Observing the camp nearest my home, I saw the consequences up close. Flimsy tarpaulins strained under the weight of water, mattresses floated and clothes remained wet, incapable of drying. Each step reminded me how fragile these shelters were and how close the rain and cold threatened life and health for a vast population living in tents and cramped refuges.

A great number of these residents have already been displaced, many several times over. Homes are destroyed. Neighbourhoods leveled. Winter has come to Gaza, but protection from it has not. It has come without proper shelter, without electricity, devoid of warmth.

Students in the Storm

As a university lecturer in Gaza, this weather weighs heavily on me. My students are not mere statistics; they are young people I speak to; bright, resilient, but extremely fatigued. Most join virtual lessons from tents; others from cramped quarters where privacy is impossible and connectivity sporadic. Countless learners have already lost family members. Most have been rendered homeless. Yet they persist in learning. Their perseverance is astounding, but it should not be required in this way.
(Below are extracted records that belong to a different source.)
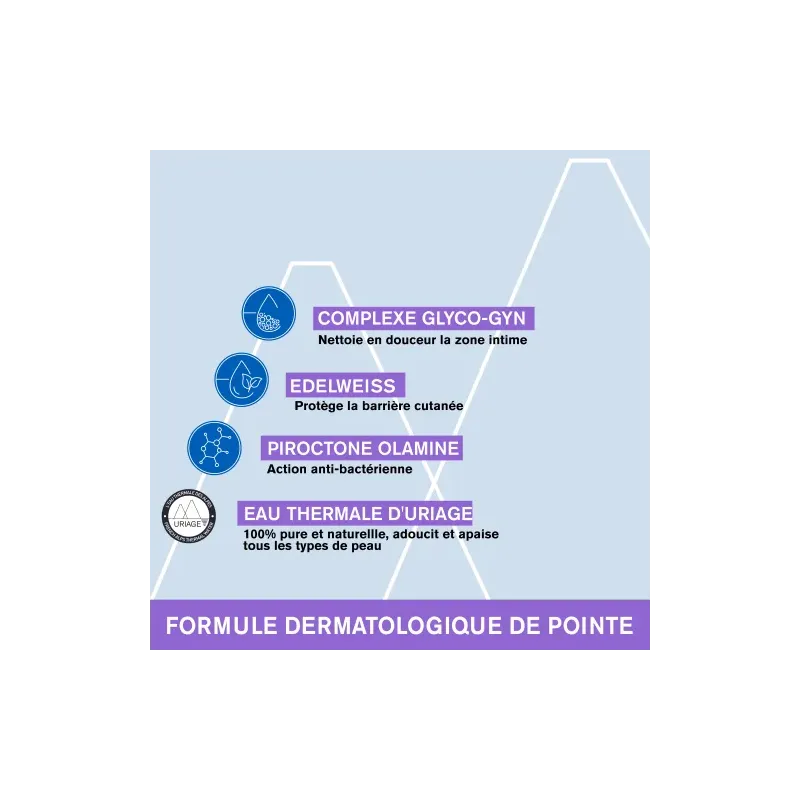 Un soin nettoyant intime sans savon pour les muqueuses irritées et sensibles. Il apaise rapidement les démangeaisons et irritations, aide à rééquilibrer la flore intime (pH 8, Piroctone Olamine), et offre une haute tolérance grâce à l'Eau Thermale d'Uriage.
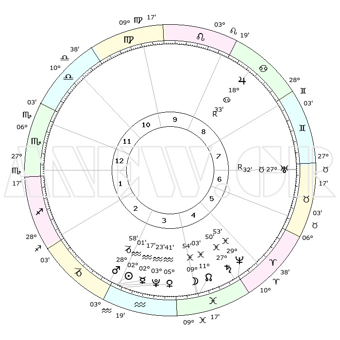 | | ΘΕΣΕΙΣ ΠΛΑΝΗΤΩΝ ΑΣΤΡΟΛΟΓΙΚΟΥ ΧΑΡΤΗ ΤΗΣ ΣΤΙΓΜΗΣ ΑΥΤΗΣ | | | | Πλανήτης | Ζώδιο | Μοίρες | Δεκαήμ. | Σε οίκο | Απόκλιση | | Ακμές των οίκων | | Ηλιος | Υδροχόος | 01°56' | Πρώτο | 3 | 19 S 43 | | 1ος | 04°57' | Σκορπιός | | Σελήνη | Ιχθείς | 08°54' | Πρώτο | 4 | 08 S 16 | | 2ος | 03°40' | Τοξότης | | Ερμής | Υδροχόος | 02°09' | Πρώτο | 3 | 21 S 41 | | 3ος | 06°03' | Αιγόκερως | | Αφροδίτη | Υδροχόος | 05°35' | Πρώτο | 3 | 20 S 00 | | 4ος | 10°35' | Υδροχόος | | Αρης | Αιγόκερως | 28°54' | Τρίτο | 3 | 21 S 21 | | 5ος | 13°25' | Ιχθείς | | Δίας | Καρκίνος | 18°34'R | Δεύτερο | 9 | 22 N 26 | | 6ος | 11°37' | Κριός | | Κρόνος | Ιχθείς | 27°49' | Τρίτο | 5 | 02 S 53 | | 7ος | 04°57' | Ταύρος | | Ουρανός | Ταύρος | 27°32'R | Τρίτο | 7 | 19 N 25 | | 8ος | 03°40' | Δίδυμοι | | Ποσειδώνας | Ιχθείς | 29°53' | Τρίτο | 5 | 01 S 15 | | 9ος | 06°03' | Καρκίνος | | Πλούτωνας | Υδροχόος | 03°23' | Πρώτο | 3 | 23 S 05 | | 10ος | 10°35' | Λέων | | Β. Δεσμός | Ιχθείς | 11°04' | Δεύτερο | 4 | 07 S 25 | | 11ος | 13°25' | Παρθένος | | Ωροσκόπος | Σκορπιός | 04°57' | Πρώτο | | | 12ος | 11°37' | Ζυγός | | Μεσουράνημα | Λέων | 10°35' | Δεύτερο | | | |
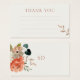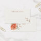 These lovely wedding thank you card features text in a rich ochre color against a chic ivory background. The design includes a lined area for brides who prefer to hand write their cards. The template also allows for the lined area to be replaced with text, if you prefer a printed text version. The colorful floral illustration at the back, excudes a joyful tone and a youthful elegance. Couple initials side by side at the back.
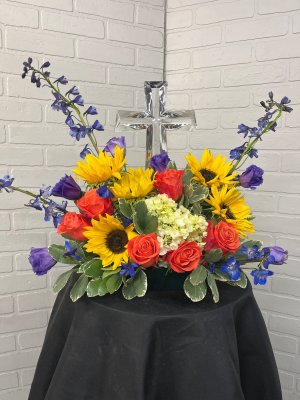 Little week on the purple stems, must have ran out. Could have added more greenery to fill in ….. but thank you for getting it to the church. Kathy

In Gaza, what would normally count as routine academic practices—projects, due dates—transform into moral negotiations, dictated every moment by anxiety over students’ safety, warmth and proximity to protection.

During nights like these, I am constantly preoccupied about them. Do they have dryness? Are they warm? Has the gale ripped through their shelter during the night? For those remaining in apartments, or the shells that are left, there is no heating. With electricity largely unavailable and fuel in short supply, warmth comes mostly via donning extra clothing and using the few bedding items available. Even so, cold nights are unbearable. What about those living in tents?

Aid and Abandonment

Agencies state that well over a million people in Gaza reside in temporary housing. Relief items, including weatherproof shelters, have been far from enough. When the cyclone hit, aid organizations reported delivering tarpaulins, tents and bedding to numerous households. On the ground, however, this assistance was widely experienced as inconsistent and lacking, limited to band-aid measures that offered scant protection against extended hardship to cold, wind and rain. Shelters fail. Sicknesses, hypothermia, and infections associated with damp conditions are rising.

This goes beyond an unexpected catastrophe. Winter is an annual event. People in Gaza understand this failure not as bad luck, but as being forsaken. People speak of how necessary items are hindered or postponed, while attempts to reinforce weakened structures are repeatedly obstructed. Community efforts have tried to find solutions, to provide coverings, yet they remain limited by restrictions on imports. The culpability lies in political and humanitarian. Solutions exist, but are kept out.

A Preventable Suffering

The aspect that renders this pain especially painful is how avoidable it could have been. No individual ought to study, raise children, or battle sickness standing knee-high in cold water inside a tent. It is wrong for a pupil to worry about the rain damaging their precious phone. Rain exposes just how fragile life has become. It challenges health worn down by anxiety, fatigue, and loss.

This winter coincides with the Christmas season that, for millions, symbolises warmth, refuge and care for the neediest. In Palestine, that {symbolism

Eric Mcintyre
Eric Mcintyre

Elara Vance is a business strategist with over 15 years of experience in corporate consulting and entrepreneurship, specializing in digital transformation.